Durham, N.C. – The kidneys have long been known to play a major role in many cases of high blood pressure, but a new study by researchers at Duke University Medical Center reveals that the body's control of blood pressure depends as much on other organs in the body. The researchers said the findings about a "two-part system" may lead to improved methods for treating high blood pressure, which affects nearly one in three American adults.
The findings further suggest how the underlying causes of high blood pressure may vary among patients, with some cases resulting from kidney abnormalities and others from abnormalities in other areas, such as the blood vessels, researchers said. Such differences might lead to variability in the response of patients to particular treatment regimens. For example, it might explain why reductions in dietary salt effectively lower blood pressure for some people, but not others, they said.
Through a series of kidney transplantation experiments involving both normal mice and mice in which a critical molecular component of blood pressure regulation had been rendered nonfunctional, the researchers found clear evidence that the kidneys and other systemic tissues have distinct and equally important roles in controlling blood pressure. The researchers report their findings in the April 1, 2005, issue of the Journal of Clinical Investigation.
The findings provide new insights into how the kidney interacts with other organs to control blood pressure, said the researchers. These insights may augment scientists' understanding of how common blood pressure medications work and lead to improved treatments for hypertension and its complications, including stroke and organ failure, they added.
"Our study provides the first direct evidence that the job of blood pressure regulation is split into two parts – that controlled by the kidneys and that controlled by other systems throughout the body," said Thomas Coffman, M.D., chief of nephrology at Duke University Medical Center and the Durham VA Medical Center and lead author of the study.

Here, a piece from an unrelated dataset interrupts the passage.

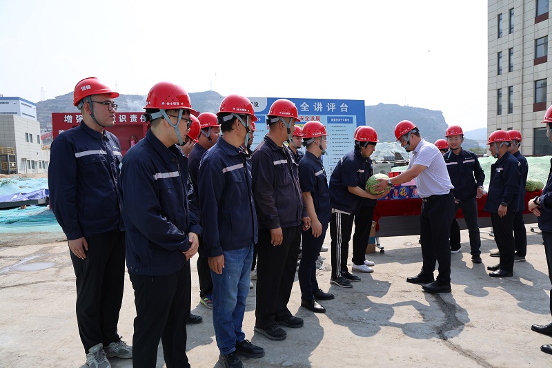 烈日炎炎,暑氣逼人。陜北已然開啟了“燒烤模式”,持續的高溫酷暑“烤”驗著每一位堅守在一線崗位的職工們,也時刻牽動著公司領導的心。7月9日上午,陜西建材科技公司黨委委員、副總經理郭正亮到神木恒穩公司開展“送清涼”慰問活動,向高溫下兢兢業業的職工們送去一絲清涼和關懷,助力廣大職工清涼度夏,為項目建設安全推進保駕護航。

"Many people with high blood pressure take multiple medications -- each with its own side effects -- to control blood pressure," Coffman added. "As we understand more precisely the molecular basis for blood pressure control, we might identify novel therapies for hypertension that better prevent organ failure."
Scientists have long thought that blood pressure abnormalities are tied closely to changes in the kidneys that affect salt excretion.
"The prevailing view holds that the kidneys play a dominant role in the maintenance of blood pressure," Coffman said. "While abnormalities in other elements, such as the blood vessels, might perturb the system, it's been thought that the kidneys could adjust accordingly to normalize blood pressure."
Within the kidney, evidence has shown that proteins called type 1 angiotensin (AT1) receptors are integral to salt excretion and blood pressure control, Coffman said. Mice lacking the receptors exhibit low blood pressure and profound salt sensitivity, he said. Furthermore, drugs that block the function of AT1 receptors and their binding protein angiotensin II – so-called angiotensin receptor blockers and ACE inhibitors– effectively treat patients with hypertension.
However, the presence of AT1 receptors in tissues throughout the body, including the heart, blood vessels and brain, has made it difficult to pinpoint the proteins' roles in individual tissues, Coffman said.
To clarify the function of AT1 receptors, the researchers transplanted the kidneys of normal mice into mice in which the AT1 receptor had been rendered nonfunctional, and vice versa. Mice with AT1 receptor defects only in the kidneys exhibited low blood pressure, they found.
However, mice with the opposite condition – having the AT1 receptor defect everywhere but the kidneys – exhibited a nearly identical drop in blood pressure, the team reported.
Further study indicated that the receptors in the kidneys versus other parts of the body carry out distinct, though equally, important roles. For example, when fed a high salt diet, mice without AT1 receptors in their kidneys exhibited a significant increase in blood pressure. However, mice with normal kidneys that lacked the receptors in other tissues tolerated dietary increases in salt and maintained blood pressures comparable to mice fed a normal diet.
"These findings indicate that angiotensin receptors in the kidney have unique and non-redundant actions in blood pressure control," Coffman said. "However, receptors outside the kidney also make a unique contribution to blood pressure homeostasis that is virtually equivalent to and independent of their actions within the kidneys."
The results illustrate the complexity of blood pressure regulation and suggest that maximal efficacy of hypertension drugs, including ACE inhibitors and angiotensin receptor blockers, requires complete blockade of receptors in both the kidney and outside of the kidney.
The findings further suggest that the degree of salt sensitivity exhibited by patients with high blood pressure might be explained by the level of involvement of the kidneys compared to other organs, Coffman said.
While the findings confirm an important role for both the kidneys and other tissues in maintaining normal blood pressure, further research is required to examine their relative roles in mice with high blood pressure, the researchers said.
Collaborators on the study include Steven Crowley, Susan Gurley, Michael Oliviero, A. Kathy Pazmino, Robert Griffiths, Patrick Flannery, Robert Spurney and Thu Le, all of Duke; Hyung-Suk Kim and Oliver Smithies, of the University of North Carolina, Chapel Hill. The National Institutes of Health and the Medical Research Service of the Veterans Administration supported the research.